---------- Data excerpts

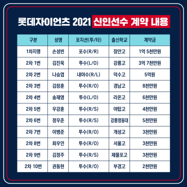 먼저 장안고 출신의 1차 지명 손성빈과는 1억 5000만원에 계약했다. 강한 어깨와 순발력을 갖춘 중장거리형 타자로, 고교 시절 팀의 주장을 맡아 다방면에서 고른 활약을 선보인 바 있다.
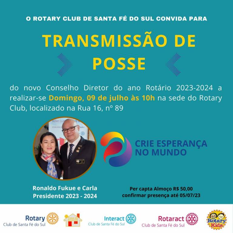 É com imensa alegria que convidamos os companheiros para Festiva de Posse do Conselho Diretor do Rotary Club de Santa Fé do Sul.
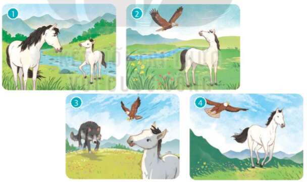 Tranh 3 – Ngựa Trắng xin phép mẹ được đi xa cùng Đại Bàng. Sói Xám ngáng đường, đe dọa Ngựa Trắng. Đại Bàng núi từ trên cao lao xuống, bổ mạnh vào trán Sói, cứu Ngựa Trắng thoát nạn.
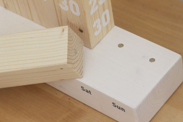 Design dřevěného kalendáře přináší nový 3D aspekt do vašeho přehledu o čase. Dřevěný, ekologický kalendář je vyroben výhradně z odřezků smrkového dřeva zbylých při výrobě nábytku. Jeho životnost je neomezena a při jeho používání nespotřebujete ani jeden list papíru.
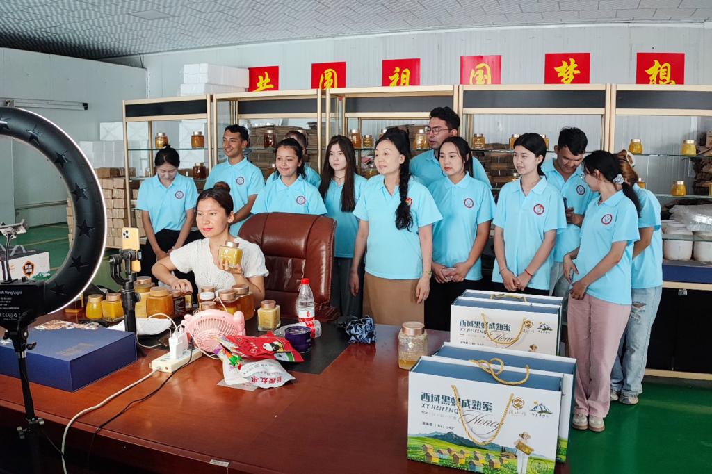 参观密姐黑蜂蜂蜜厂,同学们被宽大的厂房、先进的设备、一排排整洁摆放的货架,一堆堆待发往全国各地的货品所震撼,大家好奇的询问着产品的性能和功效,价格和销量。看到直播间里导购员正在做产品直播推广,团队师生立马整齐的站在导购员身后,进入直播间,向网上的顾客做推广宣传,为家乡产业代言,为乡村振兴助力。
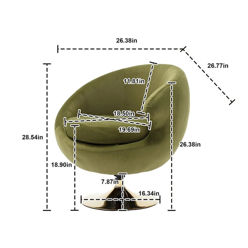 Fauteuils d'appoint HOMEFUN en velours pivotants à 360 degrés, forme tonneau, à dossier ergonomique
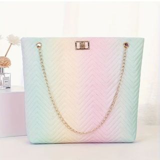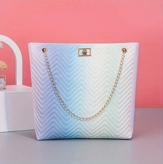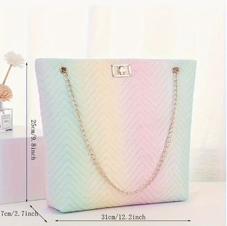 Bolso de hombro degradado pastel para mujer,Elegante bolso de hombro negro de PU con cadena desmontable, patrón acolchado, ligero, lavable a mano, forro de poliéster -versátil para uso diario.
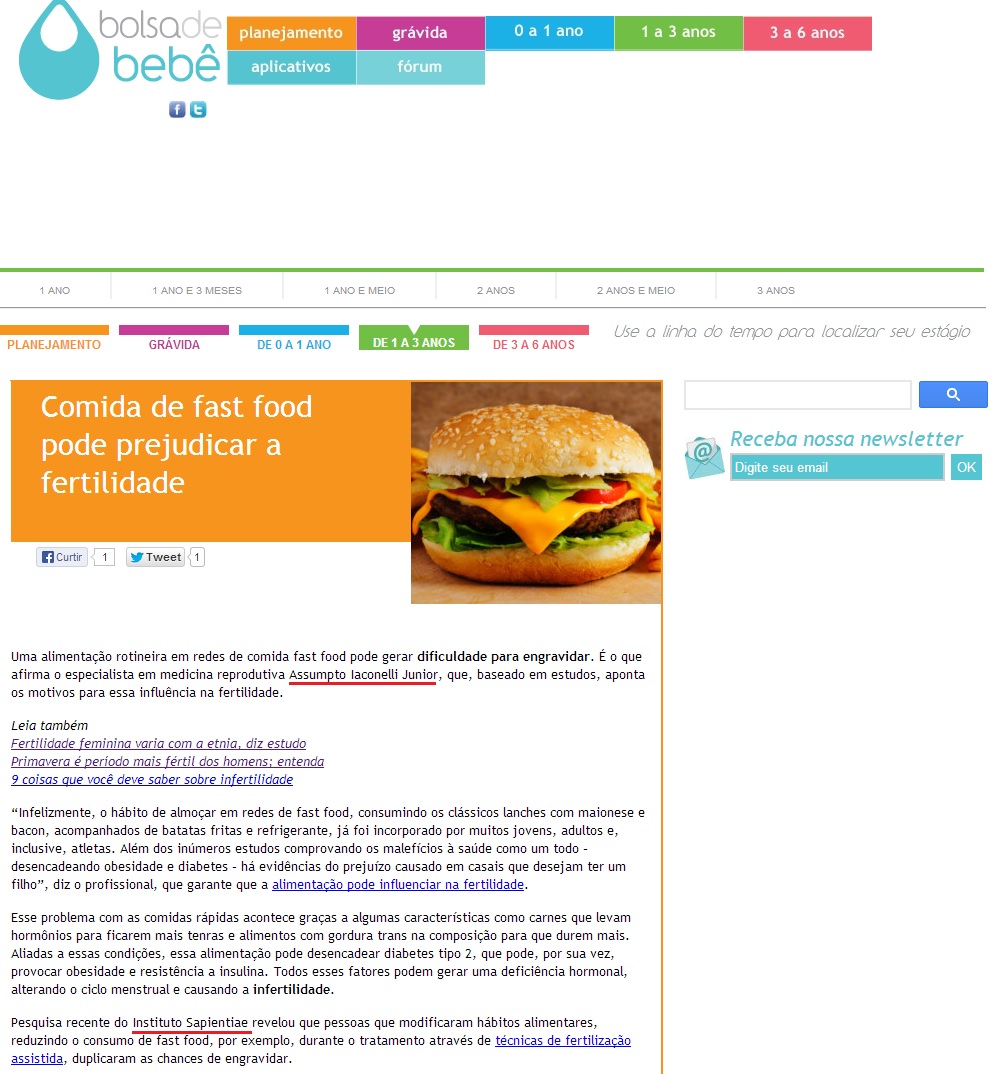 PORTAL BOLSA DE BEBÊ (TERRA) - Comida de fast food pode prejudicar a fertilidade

--------------------

* **Prompt**: Would you restate, word for word, the lines from the one holding "Fauteuils d'appoint HOMEFUN" through the end of the material above? Omit the pictures.

* **Output for this task**:
 Fauteuils d'appoint HOMEFUN en velours pivotants à 360 degrés, forme tonneau, à dossier ergonomique
 Bolso de hombro degradado pastel para mujer,Elegante bolso de hombro negro de PU con cadena desmontable, patrón acolchado, ligero, lavable a mano, forro de poliéster -versátil para uso diario.
 PORTAL BOLSA DE BEBÊ (TERRA) - Comida de fast food pode prejudicar a fertilidade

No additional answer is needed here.